Ampersand 2018 Limited Partnership 4
Research Summary
AI-generated summary
Interpace (IDXG) 10% Owner Converts Preferred Into 13.86M Shares
What Happened
- Ampersand 2018 Limited Partnership (reported as a 10% owner) converted 28,000 shares of Interpace Biosciences' Series C Convertible Preferred Stock into 13,861,386 shares of common stock on January 20, 2026. The conversion is reported at an effective price of $2.02 per share, implying a notional value of $28,000,000. The filing reflects the derivative conversion (acquisition of common stock) and the corresponding disposition of the 28,000 preferred shares (derivative disposal).
Key Details
- Transaction date: January 20, 2026; Filing date: February 4, 2026 (filed 15 days after the transaction).
- Conversion details: 28,000 Series C Preferred → 13,861,386 common shares; conversion price basis $2.02/share; notional value ~$28,000,000.
- Reported as: Conversion of derivative security (Code C) — common shares acquired; preferred shares disposed (derivative).

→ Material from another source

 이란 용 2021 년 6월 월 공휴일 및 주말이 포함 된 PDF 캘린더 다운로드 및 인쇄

- Shares owned after transaction: Not specified in this Form 4 filing.
- Notable footnotes:
- Series C preferred converted using stated value $1,000 per preferred share divided by conversion price $2.02 (see F1–F2).

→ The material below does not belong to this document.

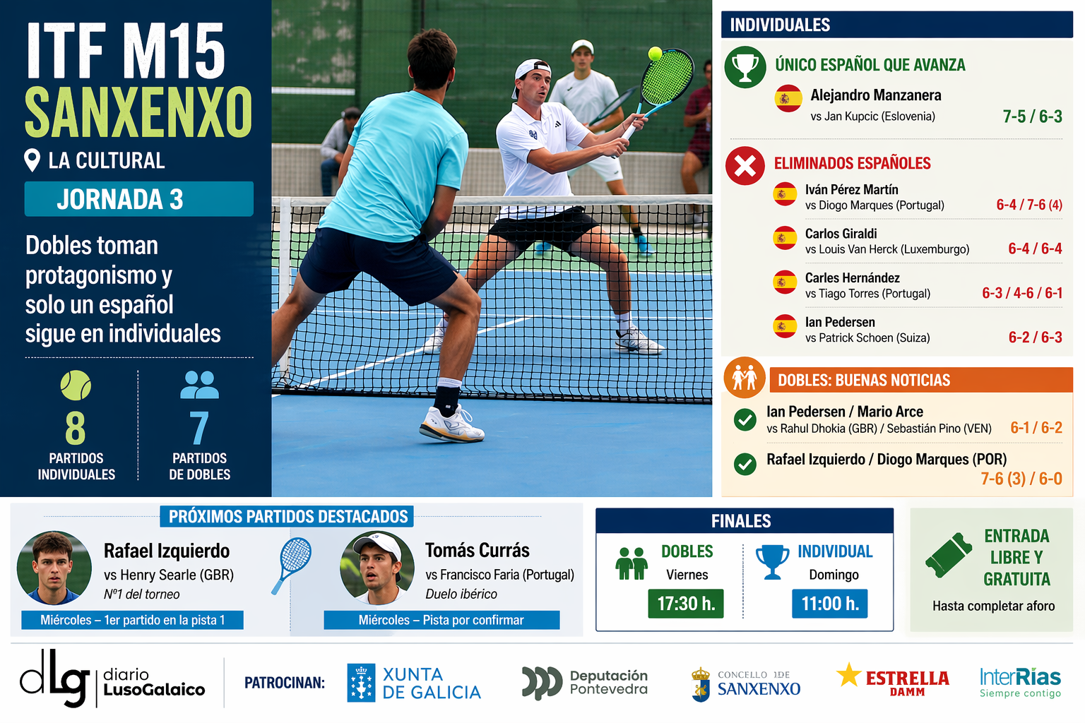 La tercera jornada del ITF World Tennis Tour M15 de Sanxenxo se cerró con el programa completo en La Cultural, en un día marcado por el protagonismo del cuadro de dobles y un alto ritmo de partidos: 8 encuentros individuales y 7 de dobles.

- Securities held of record by Ampersand 2018 LP; related general partners AMCLP and AMCLLC may be deemed to have voting/investment power but disclaim beneficial ownership except for any pecuniary interest (F3–F4).
- Series C preferred had no expiration date (F5).
Context
- This was a conversion of a convertible preferred security into common stock — not an open-market buy or sale. Conversions typically reflect contractual terms of prior financing rather than an active market opinion by the holder.
- Ampersand is an institutional/10% owner entity; the filing includes standard disclaimers that related general partners may be deemed to have control but disclaim beneficial ownership beyond pecuniary interest.